[Extracted information — start]

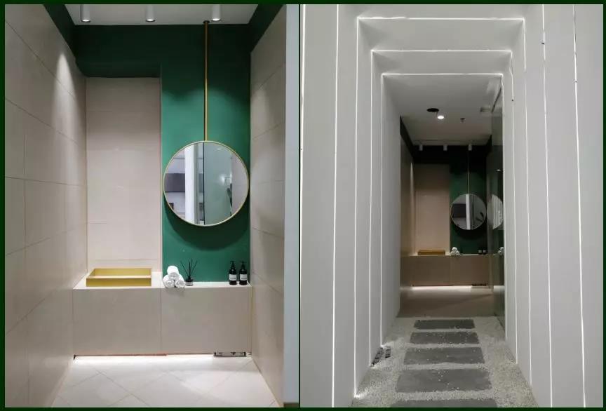 這時光走廊,一頭鏈接著主調(diào)為墨綠色的小空間,象征著每個人都曾經(jīng)有過的青春
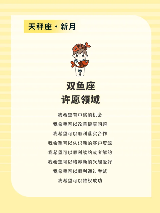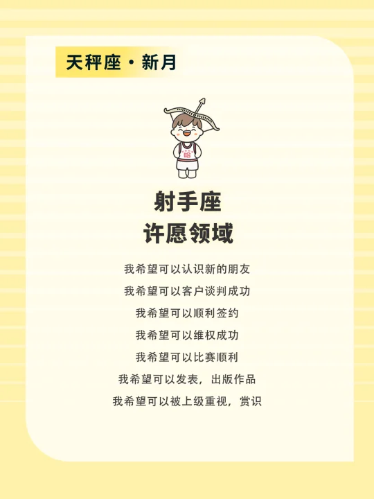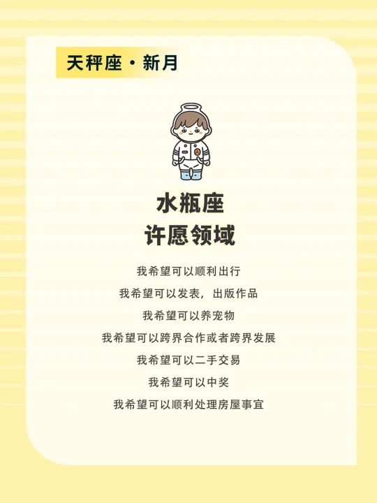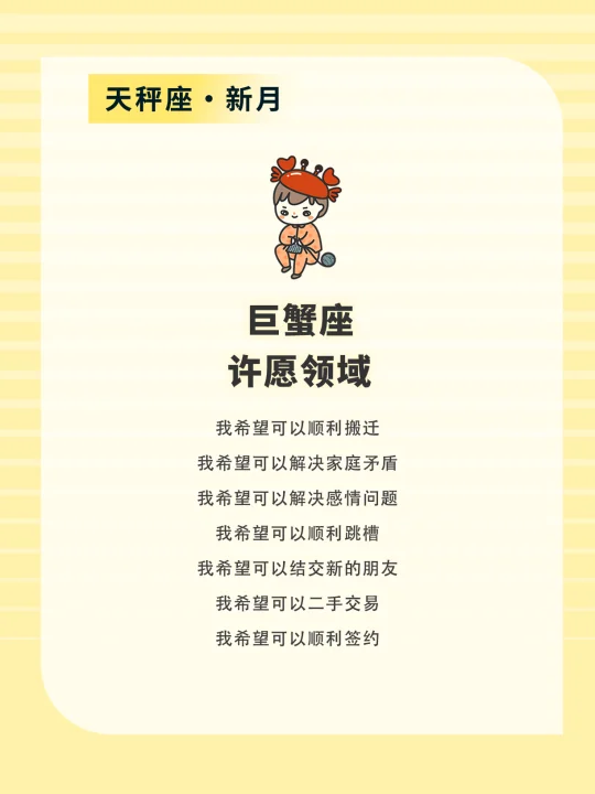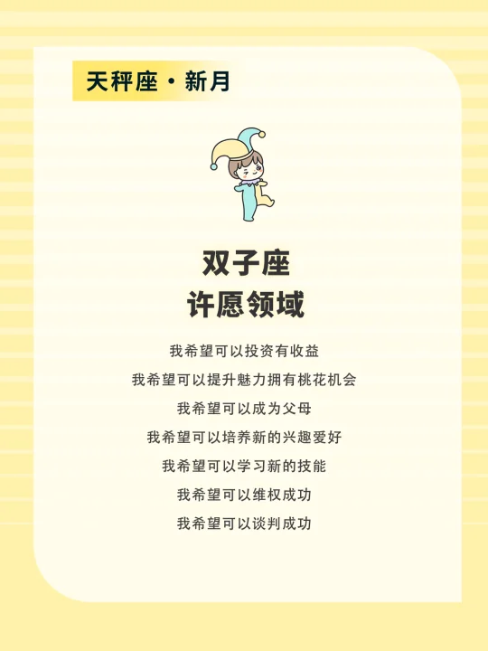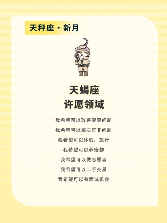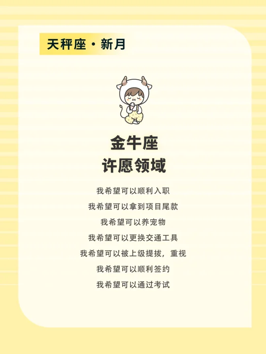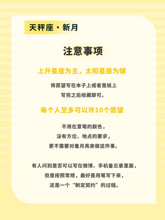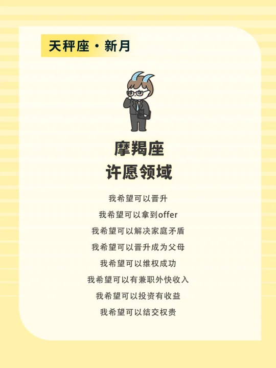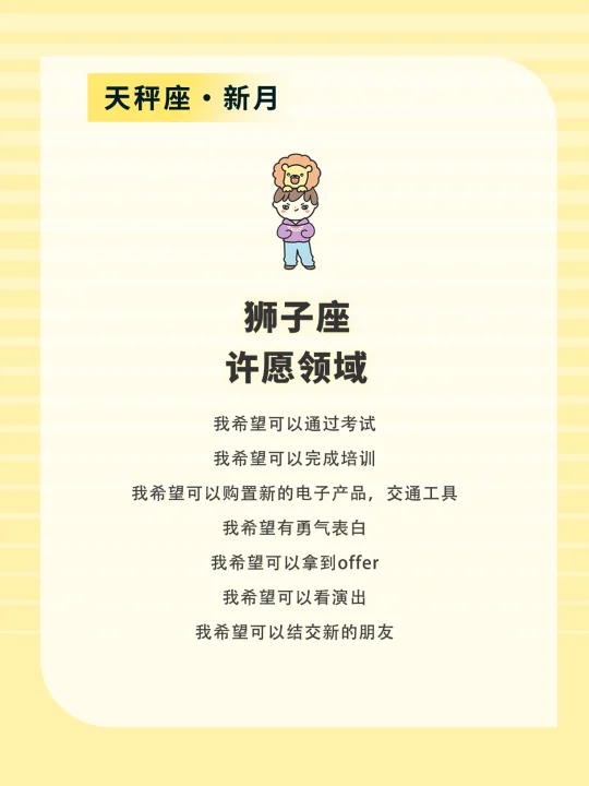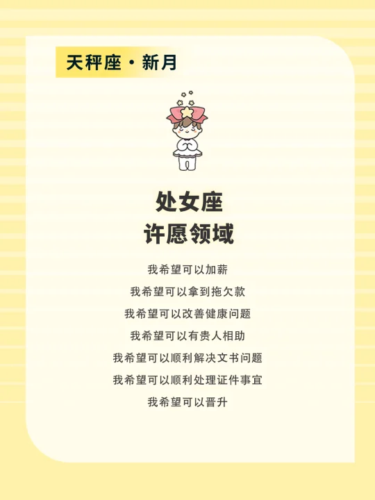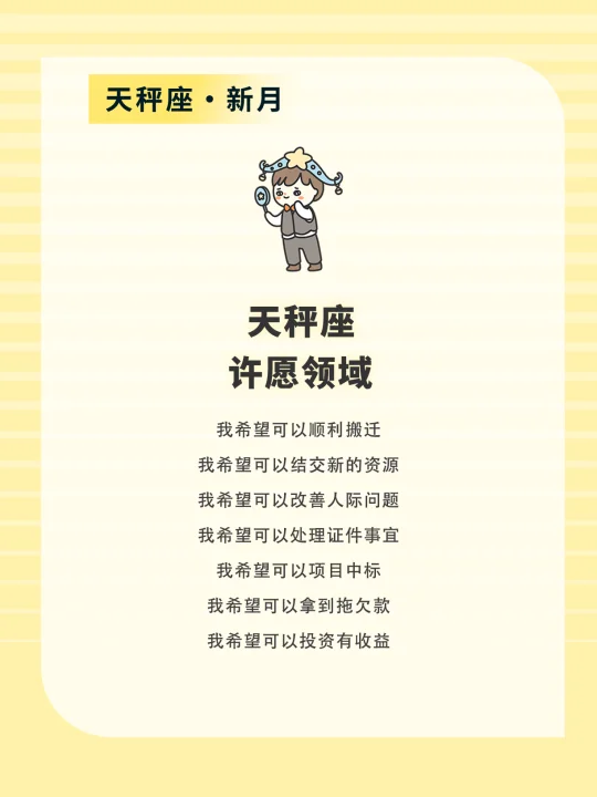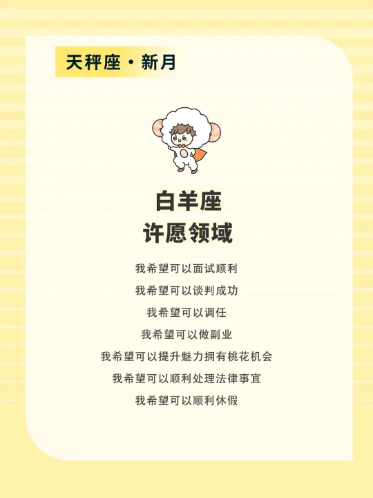 新月开始后,我们一起来许愿吧,这次新月可以让我们取得许多进步和成长。按照下方的提示,选择适合自己的愿望,好好努力。
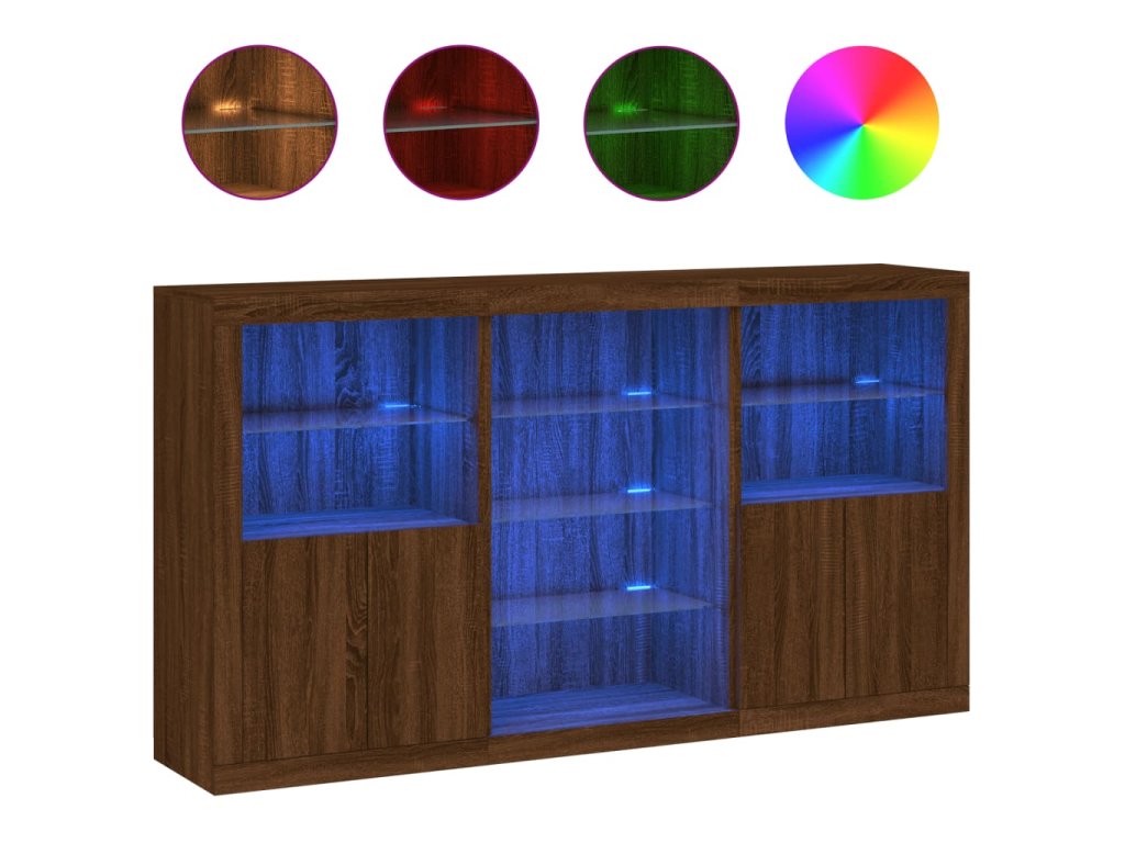 - RGB LED světla: Skříňka je vybavena zářivými RGB LED světly. Různé přizpůsobitelné nabídky vám umožní snadno změnit barvu světel nebo dokonce i nastavit světla tak, aby se přizpůsobila automaticky. Tato LED světla nejen podtrhují moderní vzhled příborníku, ale také mu dodávají na módním půvabu.
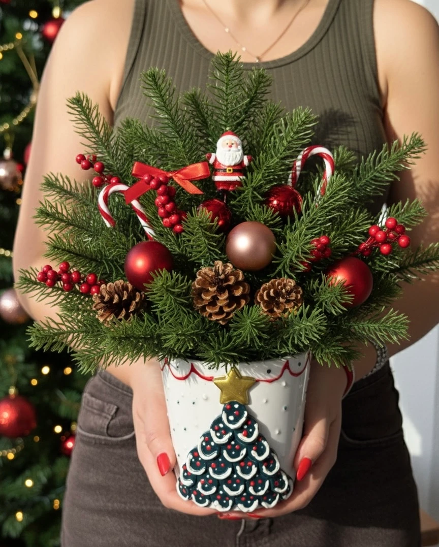 El Yapımı Christmas Çam Vazo Saksı
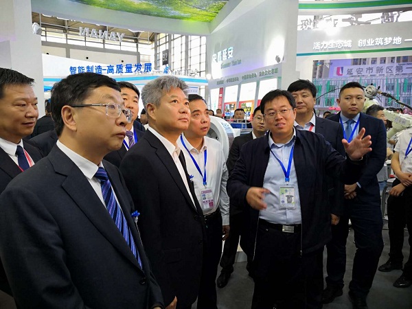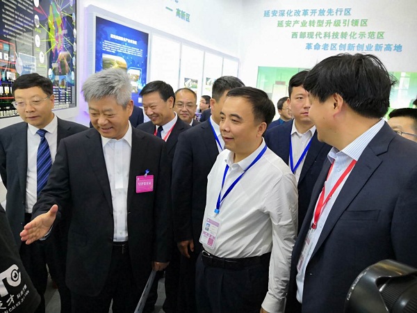 徐新榮一行先后查看了金風科技風力發(fā)電機組模型、七杰碳纖維電采暖裝置、珠海興業(yè)智能調(diào)光玻璃、韓國VR視覺嗅覺觸覺虛擬體驗、能源發(fā)儲用綜合應(yīng)用、延安制藥廠代表藥品、天才生物科技艾灸給藥組合套裝等展品,并與企業(yè)代表、技術(shù)專家交流,仔細了解產(chǎn)品特色、技術(shù)原理、應(yīng)用領(lǐng)域等。
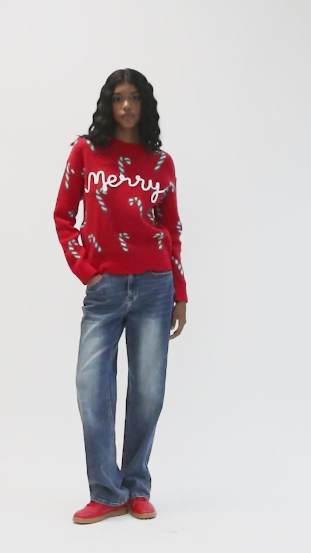 ✨ Holiday mood on. El sweater navideño que enciende cualquier outfit: rojo vibrante, lettering Merry al frente y candy canes all over para un vibe ultra fun. Su tejido suave y comfy te abraza sin picar; úsalo con denim, mini satinada o sobre camisas para un layering de impacto. Party-ready y photo-friendly.
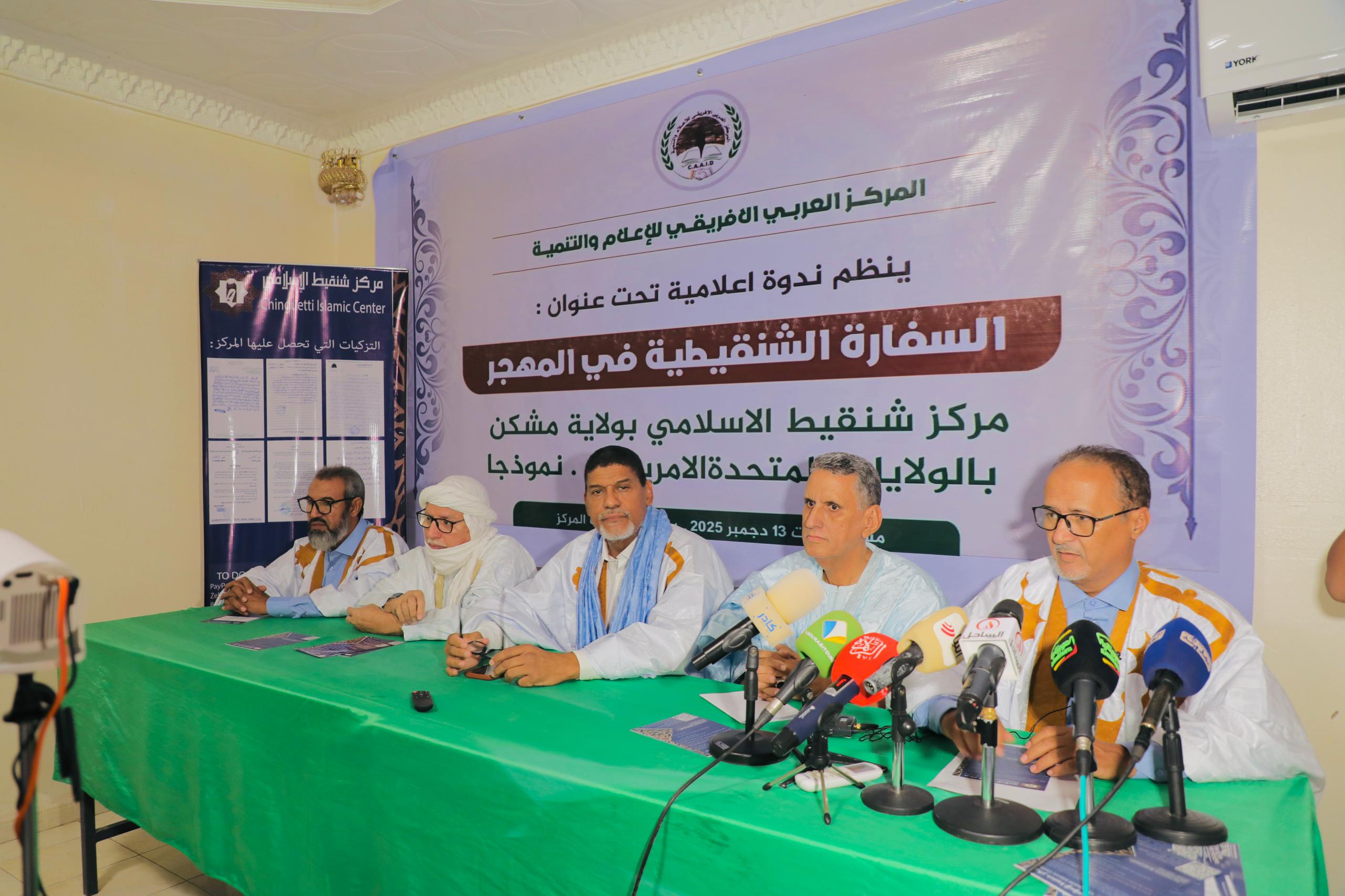احتضن المركز العربي الافريقي للاعلام والتنمية مساء امس في مقره، ندوة اعلامية تحت عنوان(السفارة الشنقيطية في المهجر :مركز شنقيط الاسلامي في ولاية ميشكن بالولايات المتحدة الأمريكية نموذجا).
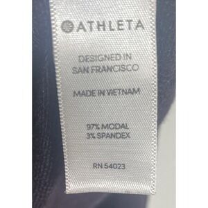 The Athleta Twist Front Coaster Sweatshirt in Wild Raisin Purple, size medium, is a versatile and stylish piece designed for women. Made from a blend of spandex and modal with Lenzing Modal fabric, this pullover sweatshirt features a twist front detail and elastic waist on the back, perfect for travel, activewear, and casual occasions. With a round neckline, long sleeves, and a comfortable regular fit, this sweatshirt offers lightweight stretch, quick dry capabilities, and breathability, making it suitable for all seasons and various activities like gym training, walking, yoga, and athleisure. Perfect for the modern woman looking for comfort, style, and sustainability in her wardrobe. Measurements are 22" wide from underarm to underarm and 23" long.
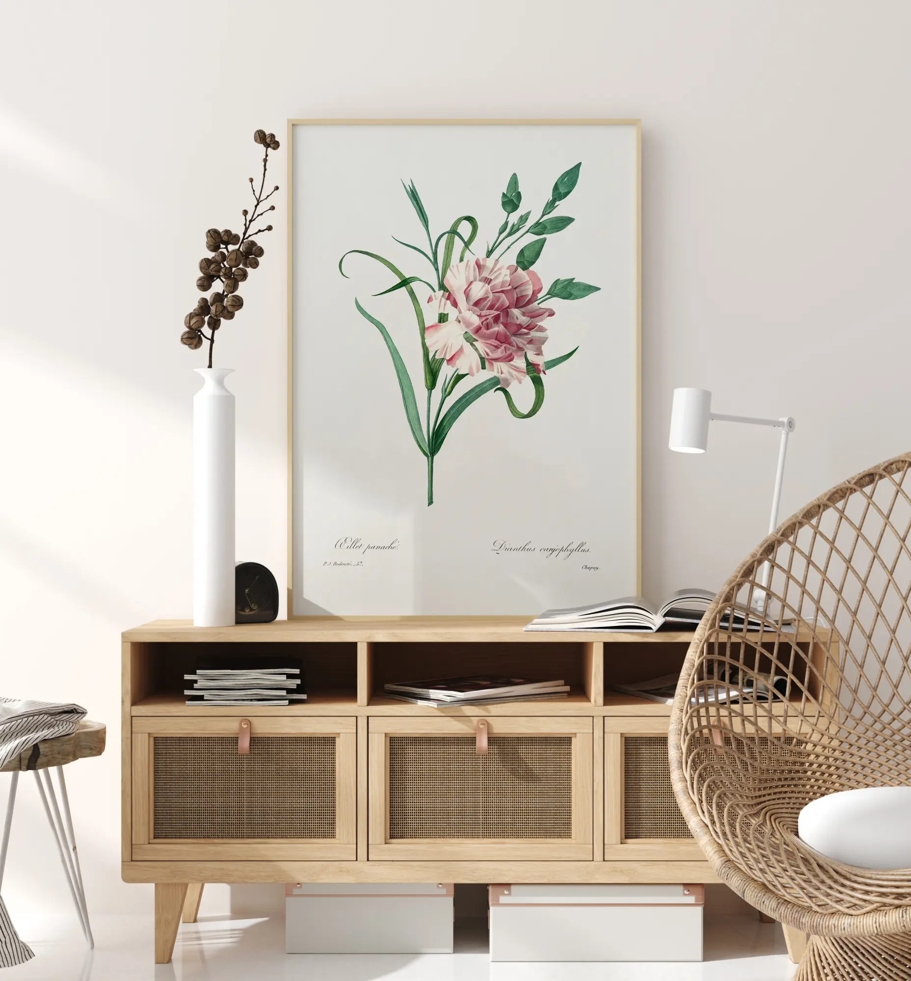Botaaniline plakat roheliste lehtede ja roosa-valge nelgiga. See illustratiivne pilt eristub valgel taustal, mis võimaldab näidata kõiki detaile. Riputage see teos kodus üles, et imetleda aiandushuviliste ja loodusesõprade poolt.

[Extracted information — finish]

Repeat the data exactly. No pictures should appear.

 這時光走廊,一頭鏈接著主調(diào)為墨綠色的小空間,象征著每個人都曾經(jīng)有過的青春
 新月开始后,我们一起来许愿吧,这次新月可以让我们取得许多进步和成长。按照下方的提示,选择适合自己的愿望,好好努力。
 - RGB LED světla: Skříňka je vybavena zářivými RGB LED světly. Různé přizpůsobitelné nabídky vám umožní snadno změnit barvu světel nebo dokonce i nastavit světla tak, aby se přizpůsobila automaticky. Tato LED světla nejen podtrhují moderní vzhled příborníku, ale také mu dodávají na módním půvabu.
 El Yapımı Christmas Çam Vazo Saksı
 徐新榮一行先后查看了金風科技風力發(fā)電機組模型、七杰碳纖維電采暖裝置、珠海興業(yè)智能調(diào)光玻璃、韓國VR視覺嗅覺觸覺虛擬體驗、能源發(fā)儲用綜合應(yīng)用、延安制藥廠代表藥品、天才生物科技艾灸給藥組合套裝等展品,并與企業(yè)代表、技術(shù)專家交流,仔細了解產(chǎn)品特色、技術(shù)原理、應(yīng)用領(lǐng)域等。
 ✨ Holiday mood on. El sweater navideño que enciende cualquier outfit: rojo vibrante, lettering Merry al frente y candy canes all over para un vibe ultra fun. Su tejido suave y comfy te abraza sin picar; úsalo con denim, mini satinada o sobre camisas para un layering de impacto. Party-ready y photo-friendly.
احتضن المركز العربي الافريقي للاعلام والتنمية مساء امس في مقره، ندوة اعلامية تحت عنوان(السفارة الشنقيطية في المهجر :مركز شنقيط الاسلامي في ولاية ميشكن بالولايات المتحدة الأمريكية نموذجا).
 The Athleta Twist Front Coaster Sweatshirt in Wild Raisin Purple, size medium, is a versatile and stylish piece designed for women. Made from a blend of spandex and modal with Lenzing Modal fabric, this pullover sweatshirt features a twist front detail and elastic waist on the back, perfect for travel, activewear, and casual occasions. With a round neckline, long sleeves, and a comfortable regular fit, this sweatshirt offers lightweight stretch, quick dry capabilities, and breathability, making it suitable for all seasons and various activities like gym training, walking, yoga, and athleisure. Perfect for the modern woman looking for comfort, style, and sustainability in her wardrobe. Measurements are 22" wide from underarm to underarm and 23" long.
Botaaniline plakat roheliste lehtede ja roosa-valge nelgiga. See illustratiivne pilt eristub valgel taustal, mis võimaldab näidata kõiki detaile. Riputage see teos kodus üles, et imetleda aiandushuviliste ja loodusesõprade poolt.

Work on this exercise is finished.